Overseas strategy fortnightly report (issue 5, 2022): the end of the policy is now, will the market bottom again?

The selling of overseas funds is the main reason for the decline of Hong Kong stock market

Recently, Hong Kong stocks fell sharply, and the fund sellers mainly came from international intermediaries. The systematic risks such as the delisting risk of China concept shares and the conflict between Russia and Ukraine have made overseas investors pessimistic about the prospects of the Hong Kong stock market, and there has been a systematic outflow of international funds. Chinese funds are taking the opportunity to buy Hong Kong stocks.

The current round of selling of overseas funds is mainly affected by the factors of zhonggai shares themselves, rather than the indiscriminate selling of foreign capital on emerging market indexes. From the perspective of overseas ETFs, ETFs mainly invested in China concept stocks and A-share A50 Index did have a significant net outflow, but funds invested in MSCI Emerging Markets and other emerging market funds did not have a significant net outflow, but recorded a net inflow.

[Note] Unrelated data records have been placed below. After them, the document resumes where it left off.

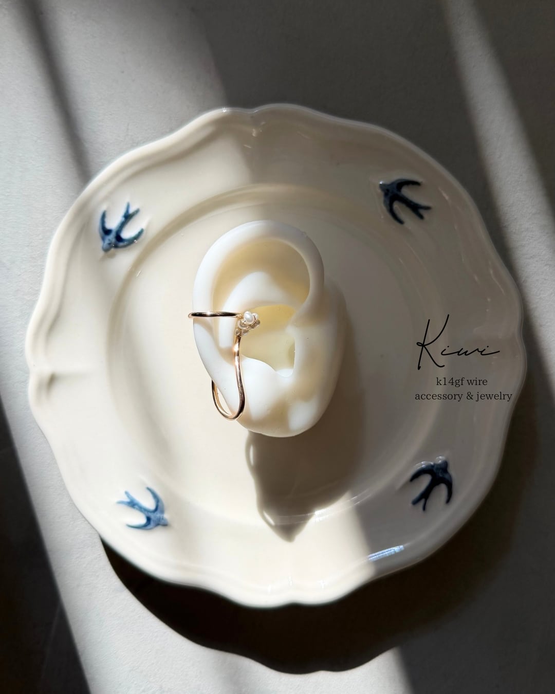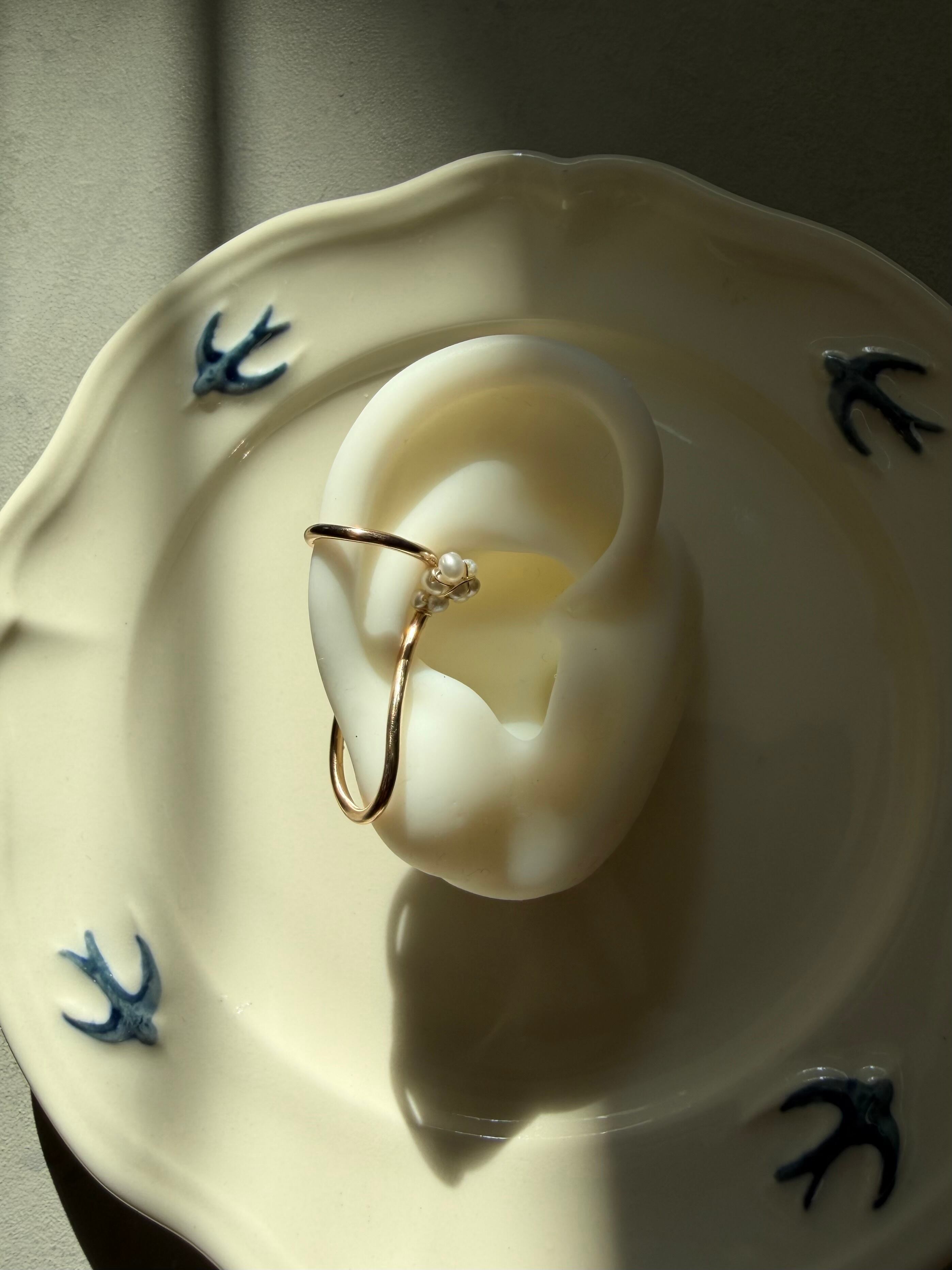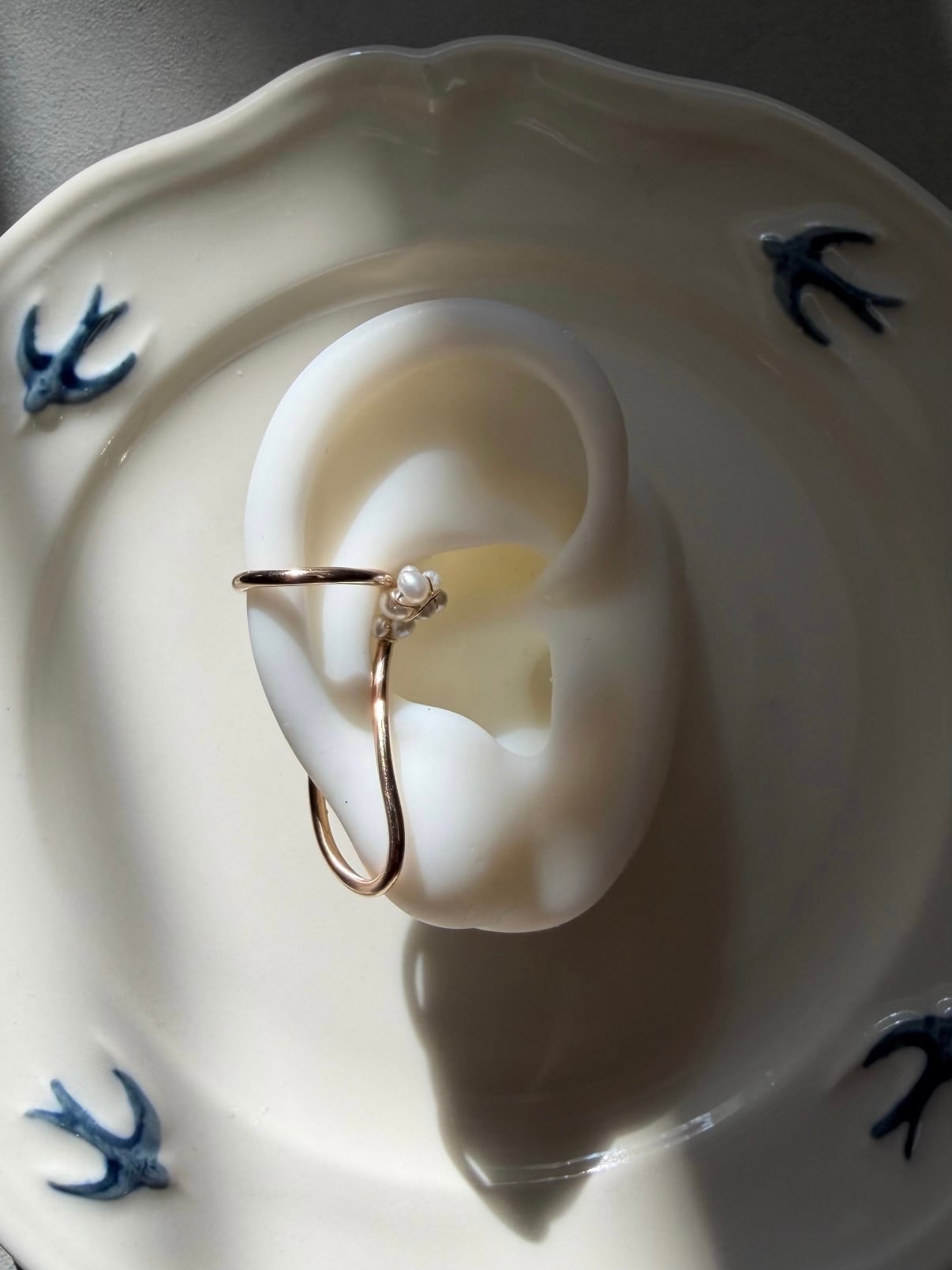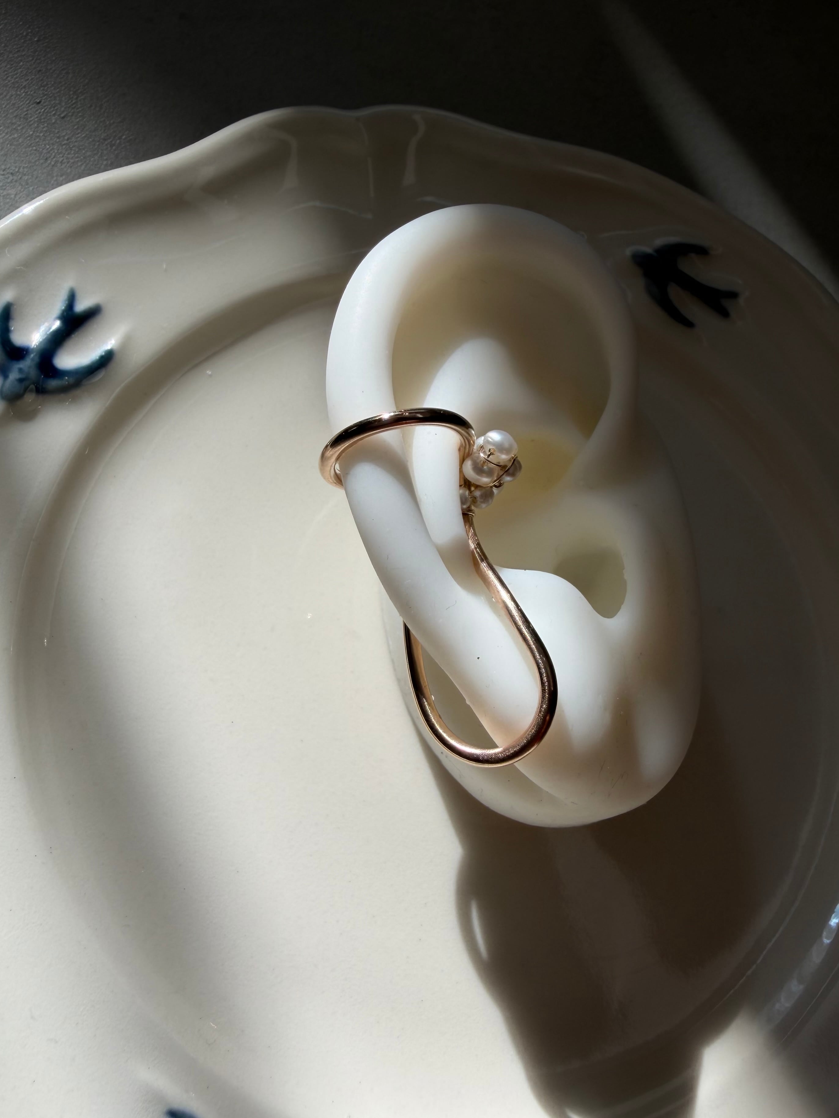 ・左耳に着けると、パールのないゴールドフィルドの美しいラインだけが際立ち、ミニマルで大人っぽい印象に。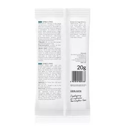 Do około 15 g maski dodać około 40 ml wody mineralnej niegazowanej. Energicznie mieszając, doprowadzić do gęstej konsystencji. Nałożyć szpatułką na skórę twarzy, szyi i dekoltu, pozostawić na 15-20 minut. Po zastygnięciu maskę usunąć przez ściągnięcie w całości, ewentualne pozostałości zmyć tonikiem.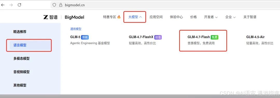 回到首页,点"大模型" → "语言模型",找到 GLM-4.7-Flash。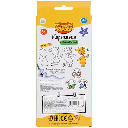 Акварельные карандаши «Оранжевая корова» ТМ «Умка» станут отличным подарком для юных художников:
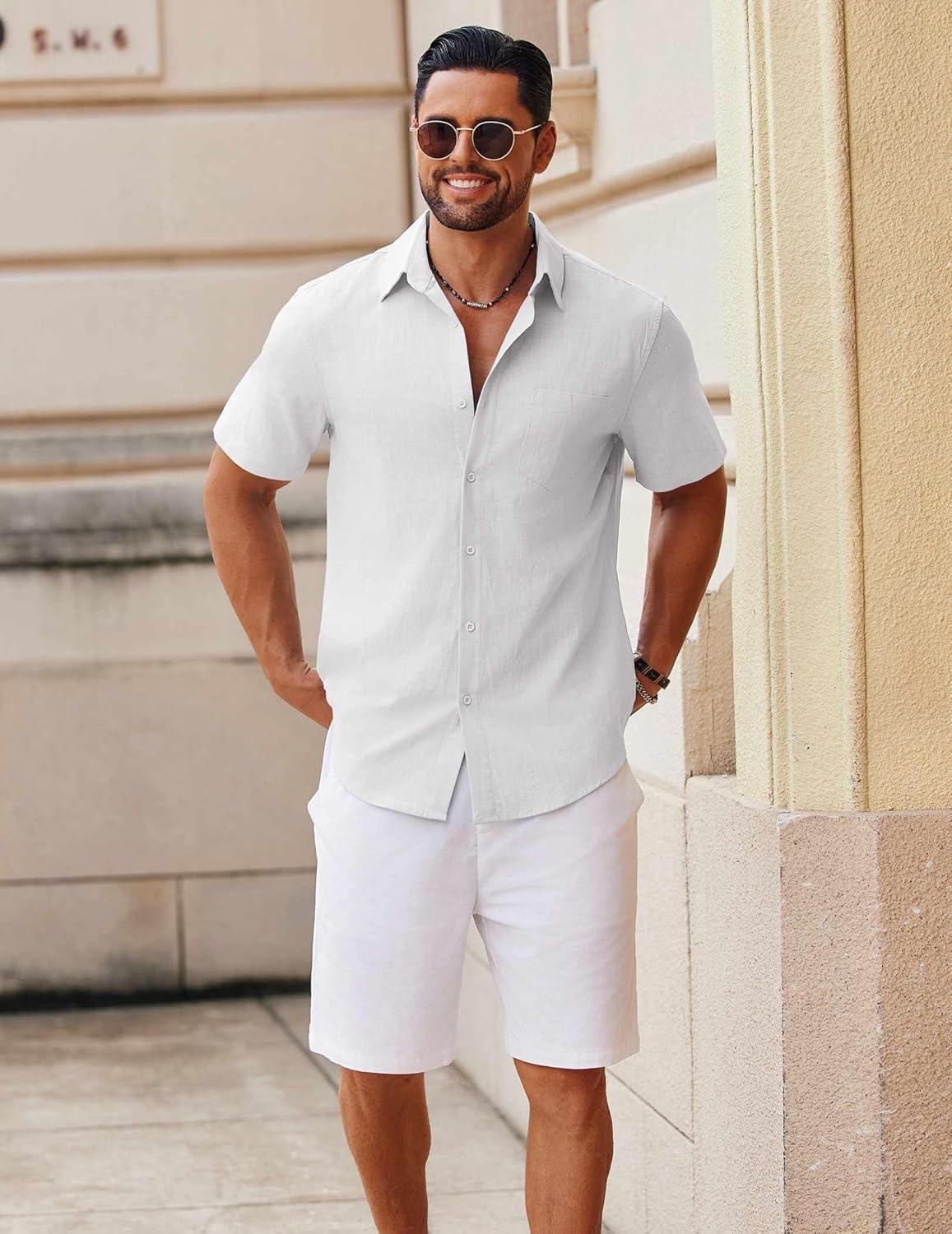 COOFANDY Men’s Button Down Short Sleeve Shirt Casual Cotton Summer Beach Linen Wedding Shirts with Pocket(White)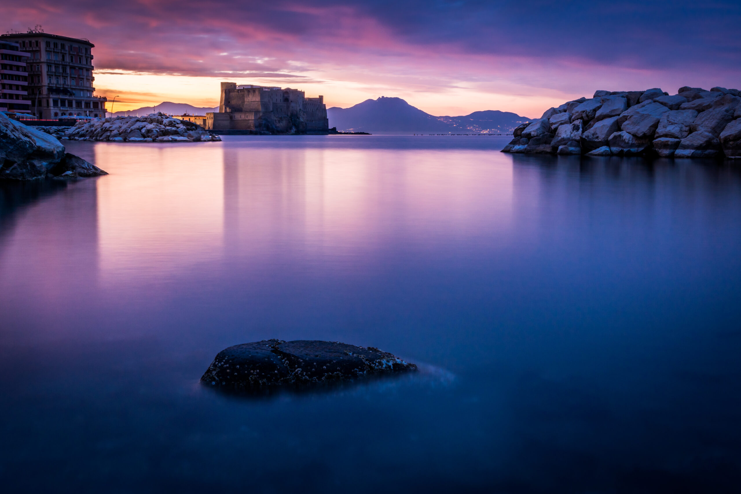 Gian Paolo Russo, che scatta principalmente all’alba, utilizza spesso tempi lunghi per creare effetti di movimento o per sospendere il tempo, con colori vividi che vanno dal blu intenso all’arancione.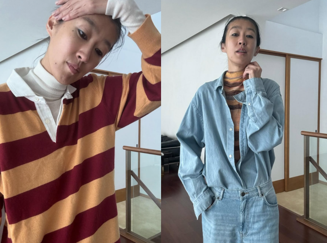 사진 속 홍진경은 청셔츠와 데님 팬츠를 매치해 깔끔한 캐주얼룩을 선보이는가 하면 스트라이프 티셔츠로 자신만의 개성 있는 스타일링으로 이목을 사로잡았다.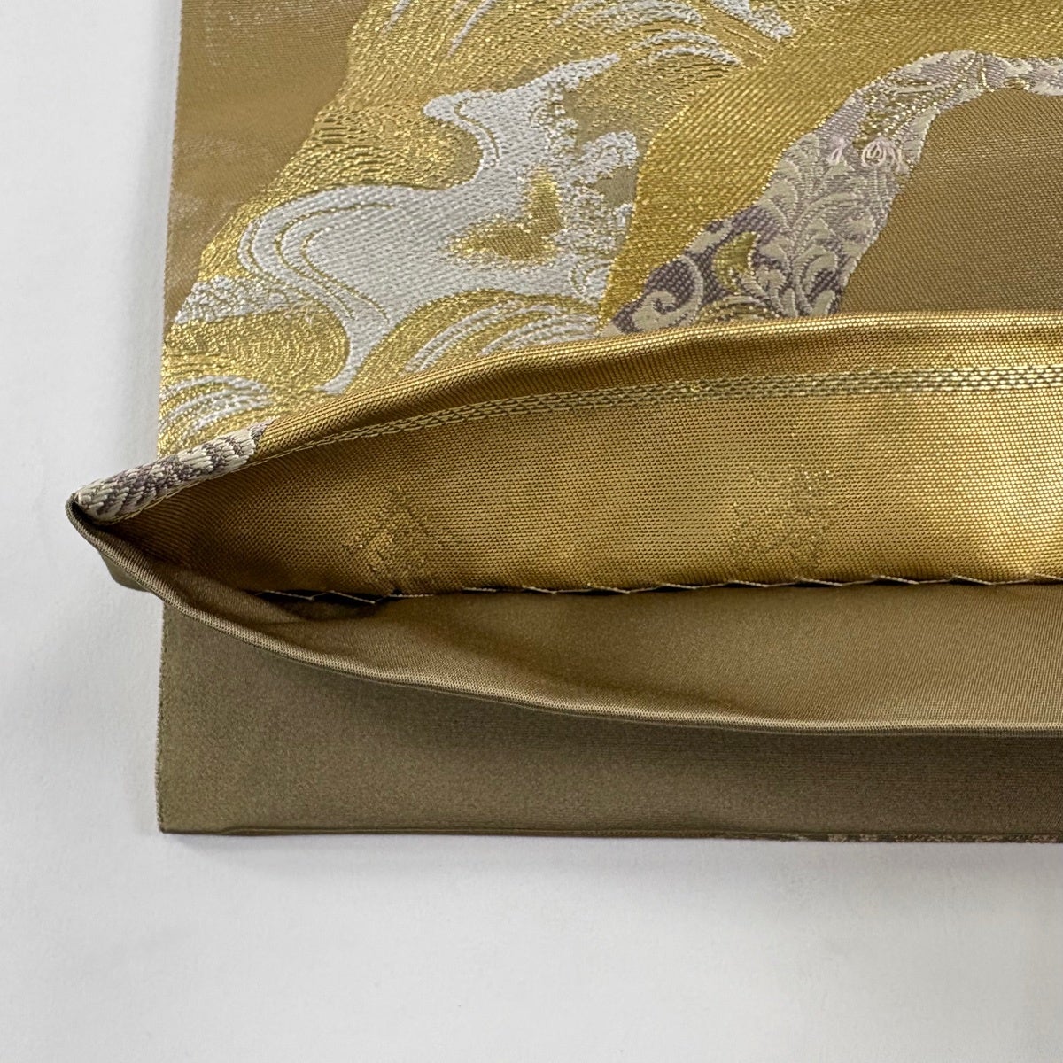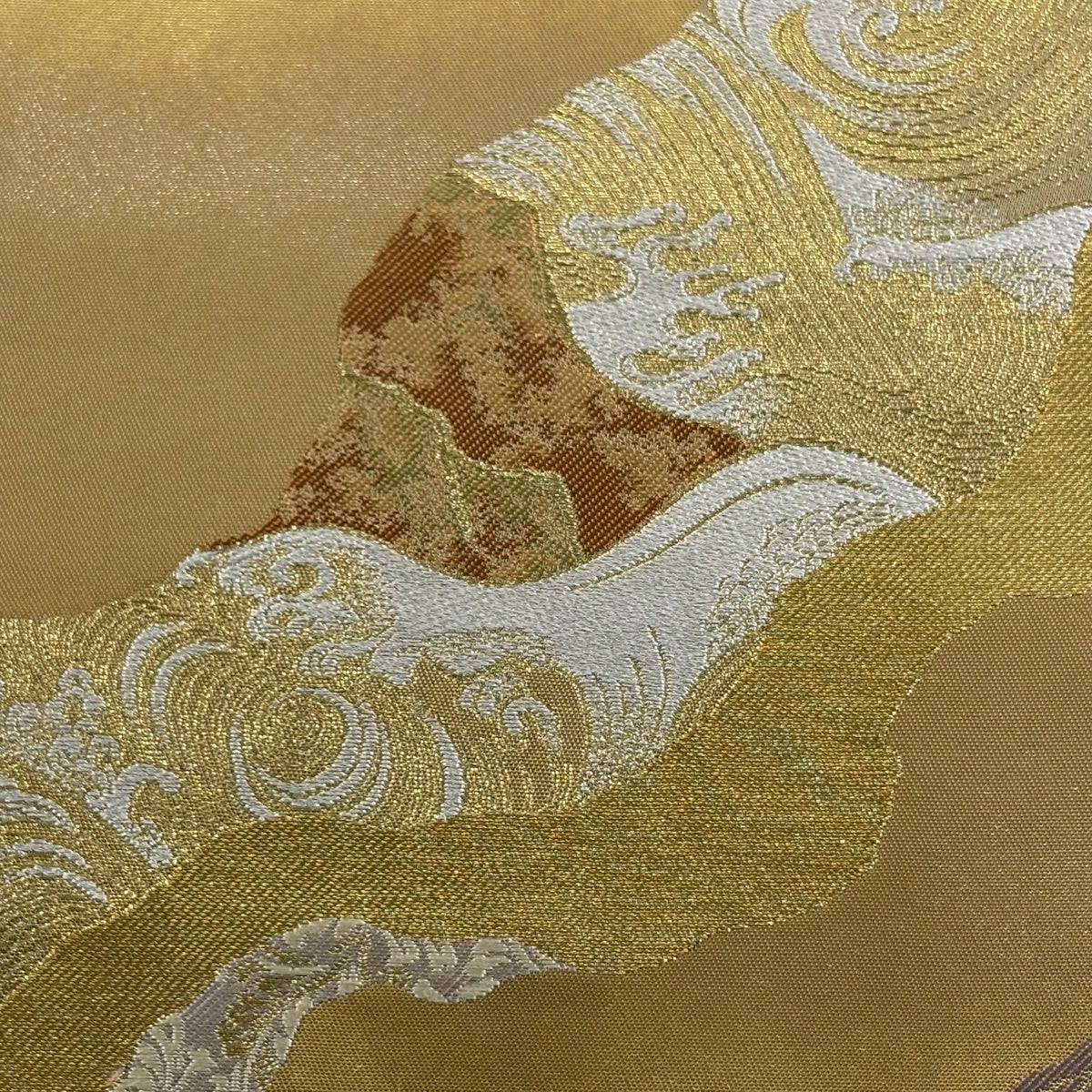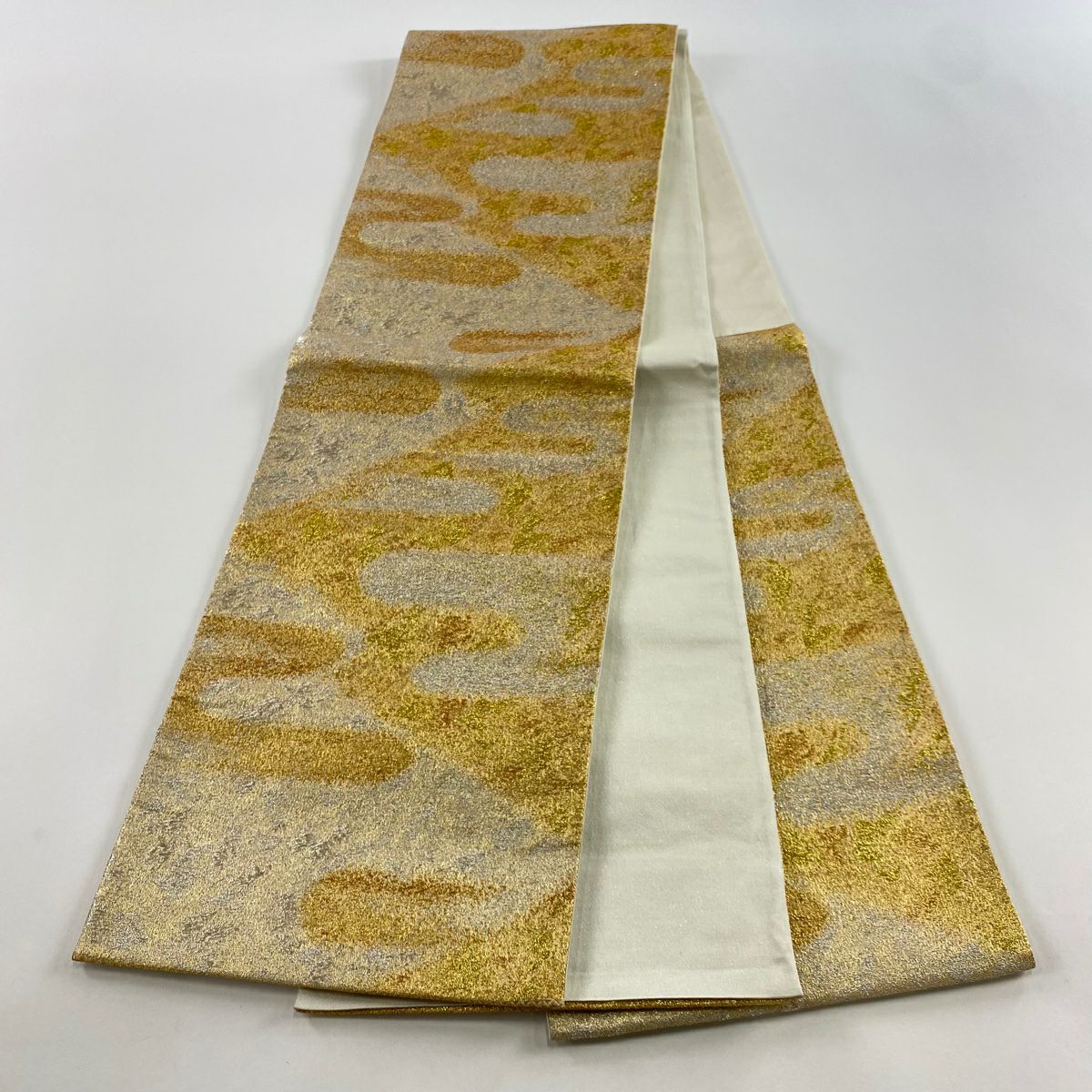 【美品】 袋帯 秀品 道長取り 波 金糸 箔 金色 六通 正絹

The bottom of the policy is now, will the market bottom again?

Last week, the financial stability and Development Commission of the State Council held a special meeting, and the end of the policy has been realized. However, referring to the situation in 2008 and 2018, it can be found that it often takes some time for the Hong Kong stock market from the policy bottom to the real market bottom.

At present, China's economy is showing an obvious positive trend. Whether the market will bottom again in the future is mainly affected by overseas risks. The real bottom of the market depends on two points. The first is whether the factors affecting economic fundamentals have improved, and the second is whether the overseas market can maintain stability. From the perspective of China's economy, at present, benefiting from the sustained force of steady growth policy and the correction of real estate policy, China's economy will have more powerful support, and the risks faced by the market mainly come from the outside.

What other risks does the external face?

First, the conflict between Russia and Ukraine has exacerbated the problem of high inflation faced by Europe and the United States, and also caused the market's concern about the risk of global stagflation. The conflict between Russia and Ukraine is different from the previous geopolitical conflicts since 2000. If the global energy prices continue to rise under the conflict between Russia and Ukraine, the risk of global stagflation will further intensify.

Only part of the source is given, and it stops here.